Black Star Co-op inspires change across the US brewing industry

The world’s first co-operatively-owned and worker self-managed brewpub, Black Star Pub continues to inspire change across US communities.

The world’s first co-operatively-owned and worker self-managed 'brewpub', Black Star Co-op continues to inspire change across US communities. 

Black Star’s successful story began in 2006, when Steven Yarak, a local beer lover from Austin started an initiative to set up a neighbourhood beer bar owned by the community. Having travelled across Belgium, Steven had been inspired by the country’s community cafés and came up with the idea to set up something similar in Austin.

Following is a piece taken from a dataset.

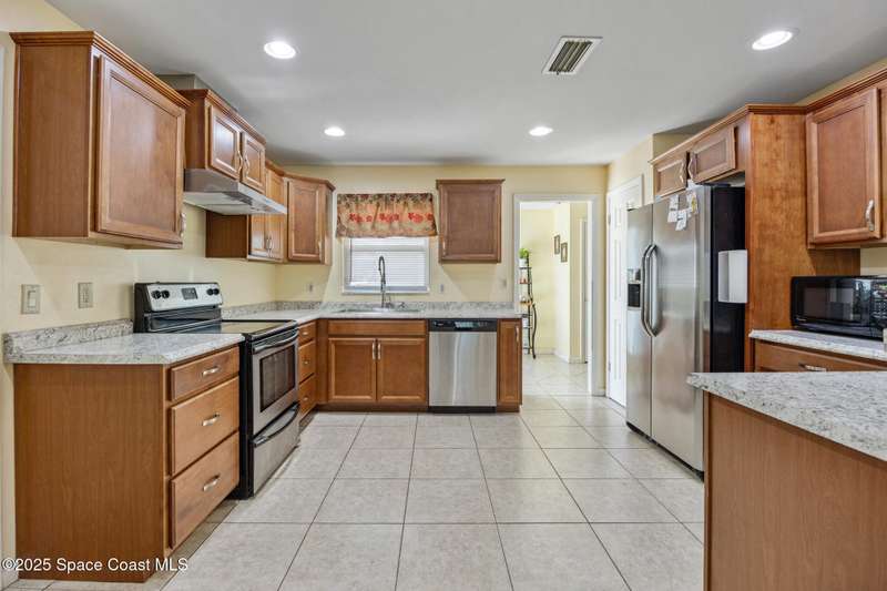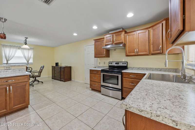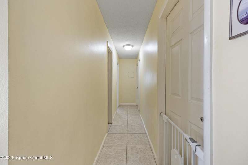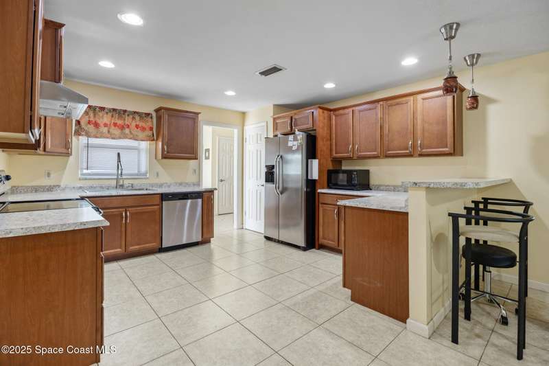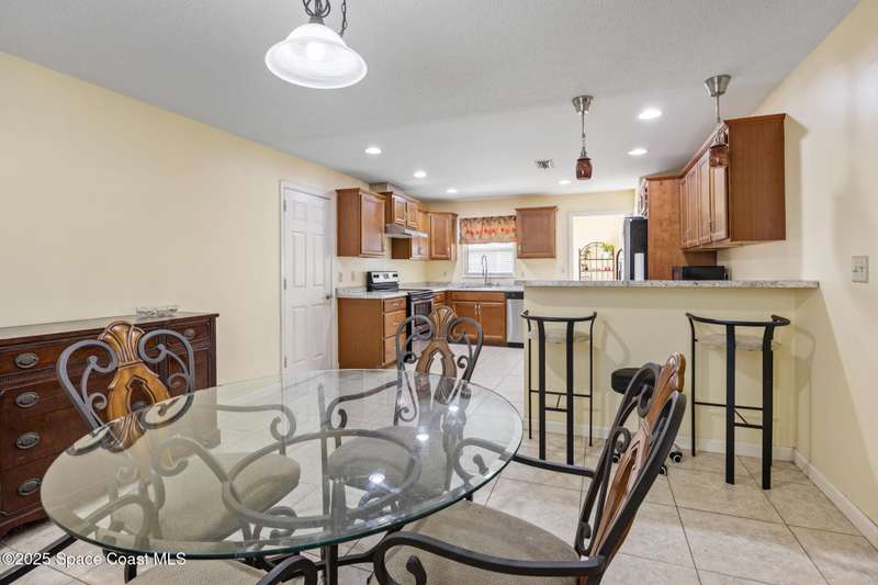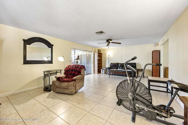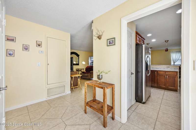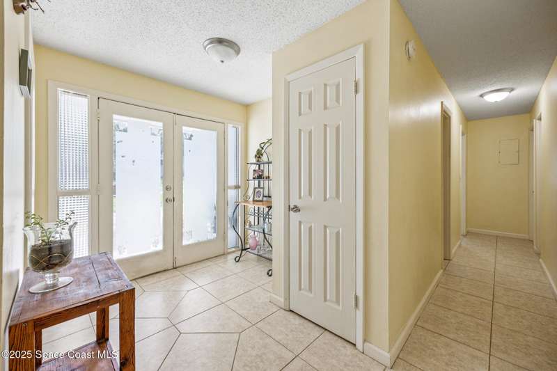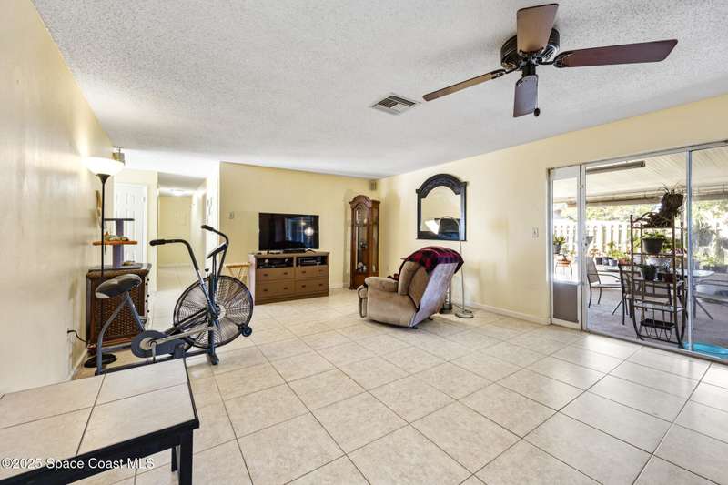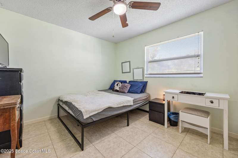 Well-maintained 3-bedroom, 2-bath home offering 1,612 sq ft of comfortable living space. Features include a 2-car garage, covered screened-in porch, and a fantastic, private and fenced backyard, with mature mango and loquat trees plus a producing pineapple garden. Interior layout includes good-sized bedrooms and two full baths with tubs. Located in a family-friendly neighborhood within the Oak Park Elementary school district. Convenient access to Kennedy Space Center, Enchanted Forest Sanctuary, and beaches are less than an hour away.

He spread fliers across the town and soon the idea started to gain the interest of the local community. 

With help from Jeff Young, a brewer who had recently moved from Birmingham, Alabama, the members of the co-op developed a solid list of beers. The Austin-based co-op opened its doors in September 2010, after having raised $325,000 from its member-owners.

“As with most co-operatives, our main challenge was funding. Also, because we were the first, we really had to figure things out and pave the way for future cooperative businesses like ours,” said Dana Curtis, member of the Board of Directors.

The brewpub has become a tourist attraction for those wishing to enjoy locally sourced food and a selection of seasonal house crafted beers. The success is also partly due to the fact that members are the ones running the brewpub. The Board of Directors and the Worker Assembly collaborate in order to run the enterprise. 

Furthermore, all house beers are the voice of the member-owners. Through tasting panels and member-owner beer-design meetings, Jeff Young brews the beers that the members want.

“I think the co-operative model is a better alternative for all businesses! But that being said, it is relatively easy to organise groups of people about beer,” said Dana, who is a strong believer in the power of the co-operative model. Apart from being involved in Black Star Co-op, Dana is also a board member at Cooperation Texas.

Unlike the majority of brewpubs, Black Star does not accept any tips. All workers are paid fairly, thus staff members do not have to work for tips. Instead, they encourage clients to turn their tipping money into a co-op membership and support their successful business.

As a co-op, the brewpub is also concerned with environmental sustainability. It aims to make efficient use of water and electricity, implementing a sub-metering plan to identify which processes are using the most water, electricity or natural gas and work on improving these. It also encourage the use of alternative transportation to the brewpub. 

Every year our member-owners pick four non-profits to support each quarter. This year they are supporting KOOP Radio, Austin Pets Alive, Urban Roots, and the Sustainable Food Center. It also offers smaller support to local groups throughout the year.

With Black Star becoming one of the most successful brewpubs in the United States, beer lovers across the US are now looking at setting up their own co-op breweries. Inspired by Black Star’s co-operative model, San Jose Brewery and Pub and High Five Co-operative Brewery hope to open the first co-operative brewpubs in California and Michigan. Although there are still in planning stages, the two co-ops have big plans for the future.

To help them fulfil their dream, Black Star compiled a list of resources and links to organisations and information that they share with other communities. 

“It's a lot of work: a lot of time and money. But it's completely worth it!” was Dana’s message to other beer lovers who want to set up their own brewpub.